# St John the Evangelist's Church, Crawshawbooth, December 2015



## Wakey Lad (Dec 22, 2015)

This church was built between 1890-1892 and declared redundant in 2012 after dwindling numbers and several lead thefts. 

A year later it was sold to a company who had several planning applications to convert the building refused. 

The church is currently on the buildings at risk register. 

Parts of the roof on this church are almost at the point of collapse, despite this no efforts have been made to save any of the internal fixtures and fittings.

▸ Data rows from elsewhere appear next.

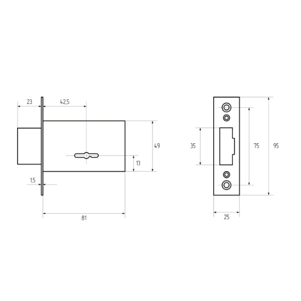 Закривання здійснюється одним прямокутним ригелем зі сталі. Він надійно фіксує двері, забезпечуючи достатній рівень безпеки. Повний вихід становить 23 мм. Даний замок ідеально підходить для встановлення в якості додаткового замка в металеві або дерев’яні двері квартир, будинків, гаражів чи комерційних приміщень. В даній версії в комплектації 3 ключа.
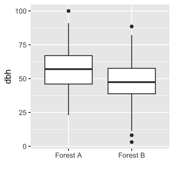 To test this, we formulate a precise null hypothesis \(H_{0}\): The mean DBH is equal among both samples, that is \(\overline{x}_{sp1} = \overline{x}_{sp2}\)
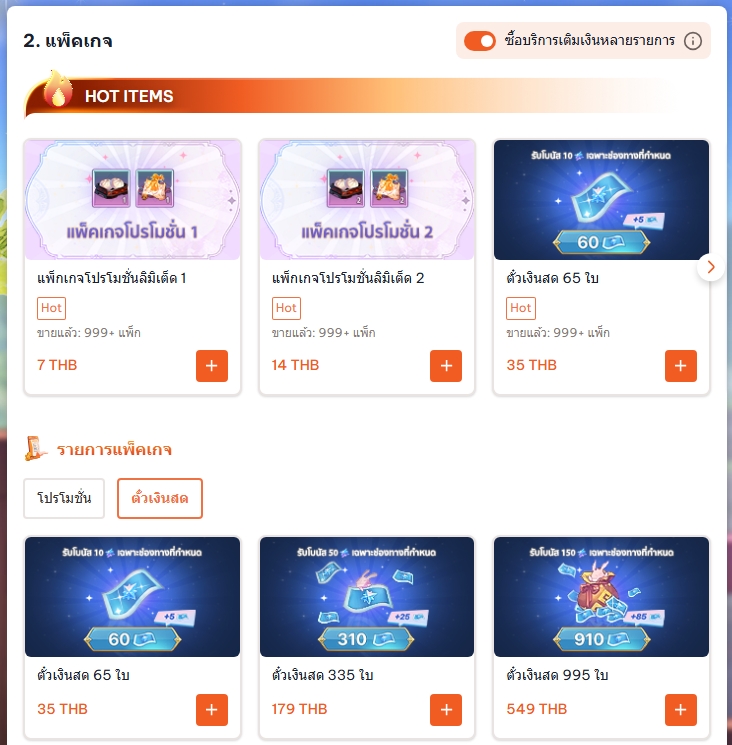 ซื้อแพ็คเกจเติมเงินที่ต้องการ :
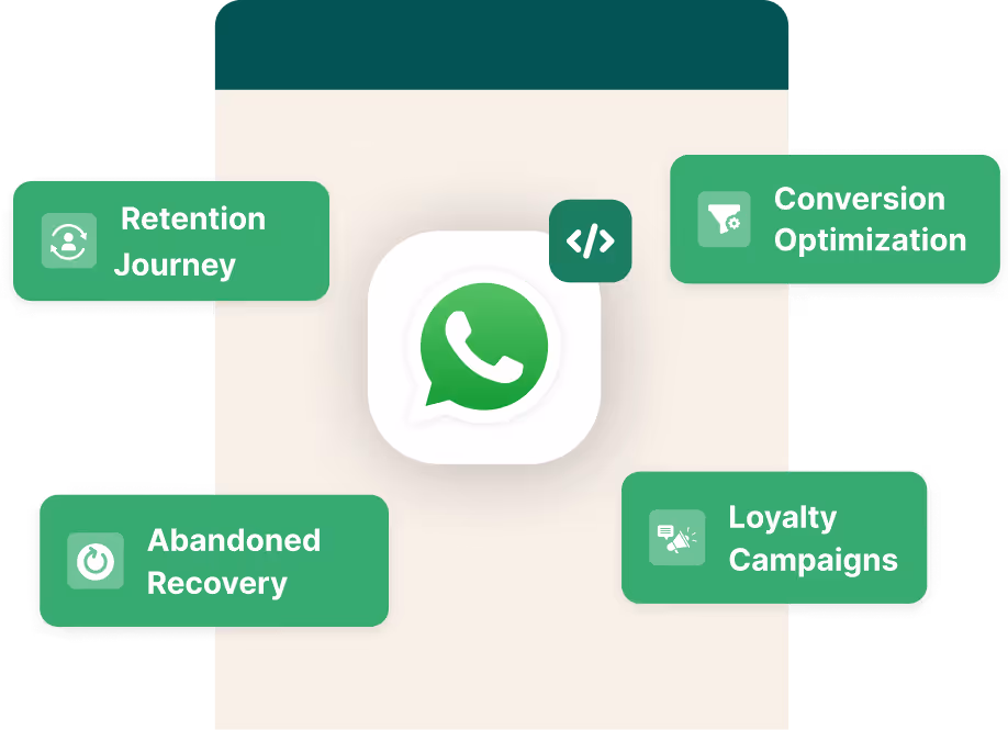 Connectors for ecommerce platforms, CRMs, ticketing systems, custom APIs, and webhooks to sync leads, orders, and customer attributes.
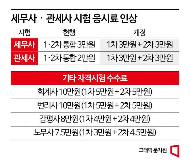 구체적으로 보면 내년부터 세무사 시험 응시료가 기존 3만원에서 6만원으로 인상된다. 당초 세무사 시험 응시료는 1·2차 시험을 합쳐 3만원이었지만 1차와 2차 시험 각각 3만원씩 내야 한다. 관세사 시험 응시료도 기존 1·2차 통합 2만원에서 1·2차 각각 3만원씩 3배 오른다.
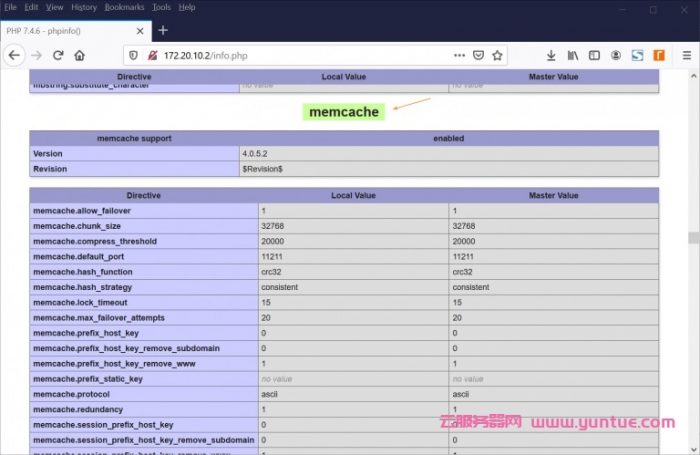 向下滚动,然后在Memcached部分,该部分显示有关Memcached的所有信息。

Great explore this one but a real shame to see it in its current state.




















































Thanks for looking​


----------



## krela (Dec 22, 2015)

Great photos of a nice looking Church. Will we ever solve the problem of what to do with them?!


----------



## Rubex (Dec 22, 2015)

What a stunning church! Amazing photos also


----------



## Sam Haltin (Dec 22, 2015)

A very nice church but in need of maintenance. Good photos.


----------



## HughieD (Dec 22, 2015)

Stunning. Can't beat a festive explore!


----------



## Mikeymutt (Dec 22, 2015)

Very nice that wake lad.


----------



## flyboys90 (Dec 23, 2015)

Lovely church and so sad to see it going like this!A great collection,thanks for sharing.


----------



## Last hope. (Dec 23, 2015)

no matter the state of places like this... they will always create beautiful photos.


----------



## rockfordstone (Dec 23, 2015)

a great set of photo's this. i'm not religious in any way but it is always such a shame to see these places go out service and left to fall apart.


----------



## The Wombat (Dec 23, 2015)

Excellent set there. Like old churches
Liking the shallow depth of field photos


----------